Le 4 juillet 2003, après 4 années de fuite, Yvan Colonna est arrêté et mis en détention provisoire. Il est renvoyé devant la cour d'Assises spéciale de Paris pour « assassinat en relation avec une entreprise terroriste » du 12 novembre au 12 décembre 2007. Après cinq semaines d'un procès que ses avocats jugent « équitable » [2] le parquet requiert la réclusion criminelle à perpétuité assortie d'une période de sûreté de 22 ans. Ses avocats demandent l'acquittement. La cour le condamne le 13 décembre 2007 à la réclusion criminelle à perpétuité en première instance[3],[4],[5]. Ses avocats interjettent appel, suivis en cela par le parquet de Paris.

Le procès en appel, à nouveau devant une cour spéciale, se tient du 9 février au 27 mars 2009. L'avocat général, Jean-Claude Kross, a dénoncé postérieurement au procès la défense de rupture mise en œuvre par Me Sollacarno, et les injures et outrages exceptionnels qu'a subi la Cour[1]. Le 2e jour de procès, Yvan Colonna affirme que la Cour est sous l'influence de Nicolas Sarkozy tandis que ses avocats, au nombre de cinq, plaident fréquemment en direction de la presse, mettent en doute l'intégrité de la justice, refusent de saluer la Cour et les victimes comme le veut l'usage[1]. Le 11 mars 2009, Yvan Colonna récuse ses avocats et quitte le procès au motif que la reconstitution a été refusée. Ses avocats quittent également l'audience. Le procès se terminera sans eux. La reconstitution a été refusée pour la raison que les membres du commando refusaient d'y participer[1].

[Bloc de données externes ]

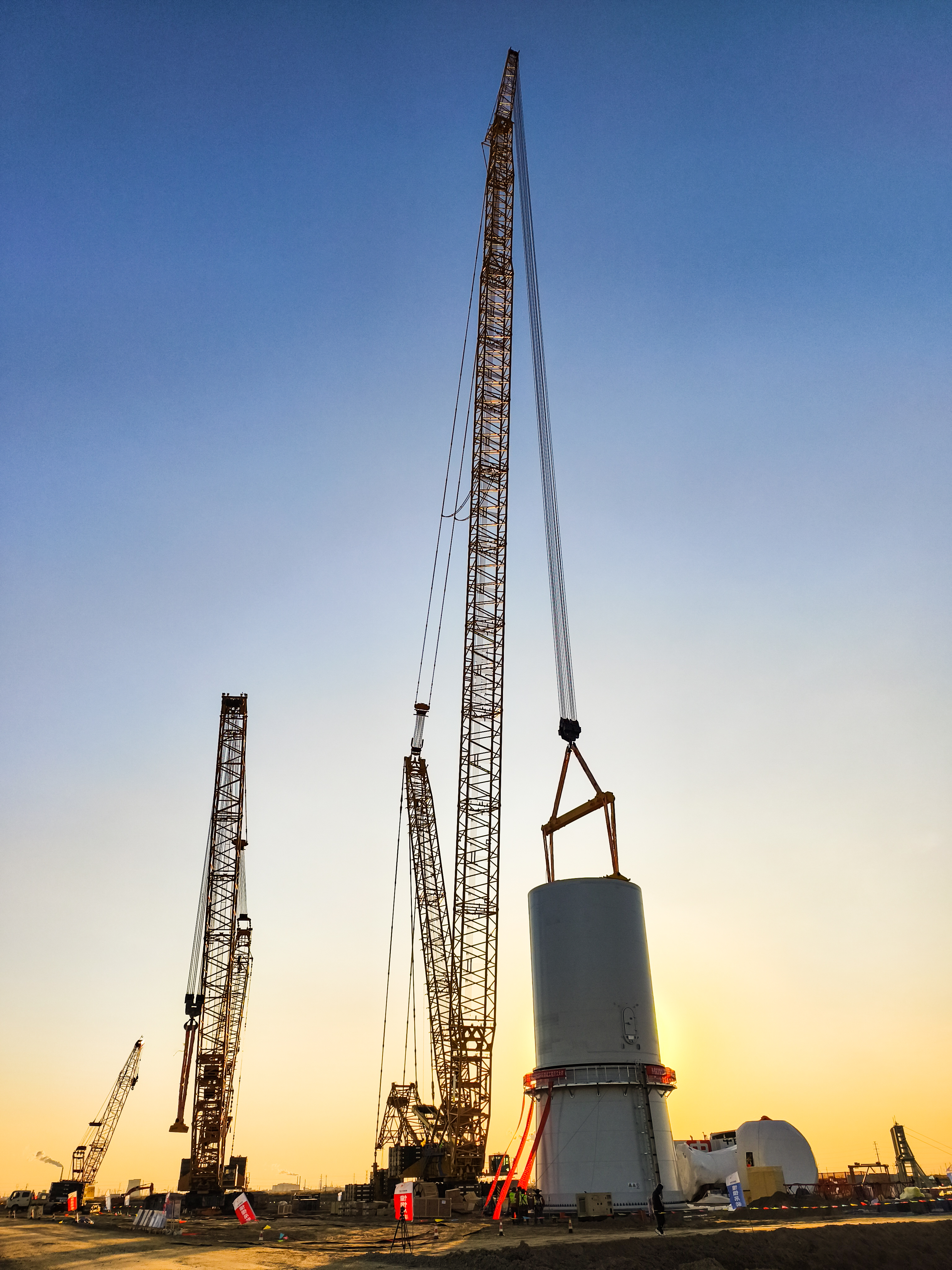 近日,徐工XLC18000(1350噸級(jí))履帶起重機(jī),亮相我國(guó)北部某風(fēng)電裝備測(cè)試認(rèn)證創(chuàng)新基地,順利完成全球最大單機(jī)容量20MW漂浮式海上風(fēng)電機(jī)組試驗(yàn)機(jī)“啟航號(hào)”的吊裝任務(wù)。

Yvan Colonna est condamné à la réclusion criminelle à perpétuité assortie d'une période de sûreté de 22 ans pour « assassinat en relation avec une entreprise terroriste et association de malfaiteurs en vue de la préparation d'actes de terrorisme ». Fin juin 2009, la FIDH, qui a fait suivre le procès affirme que « la question du caractère équitable de ce procès est clairement posée » et indique que l'accusé a politisé son procès tandis que la défense a « tout fait pour déstabiliser » le président[6]. L'avocat général critique en retour la FIDH pour sa suspicion systématique et outrancière, ainsi que pour son dédain des victimes[1].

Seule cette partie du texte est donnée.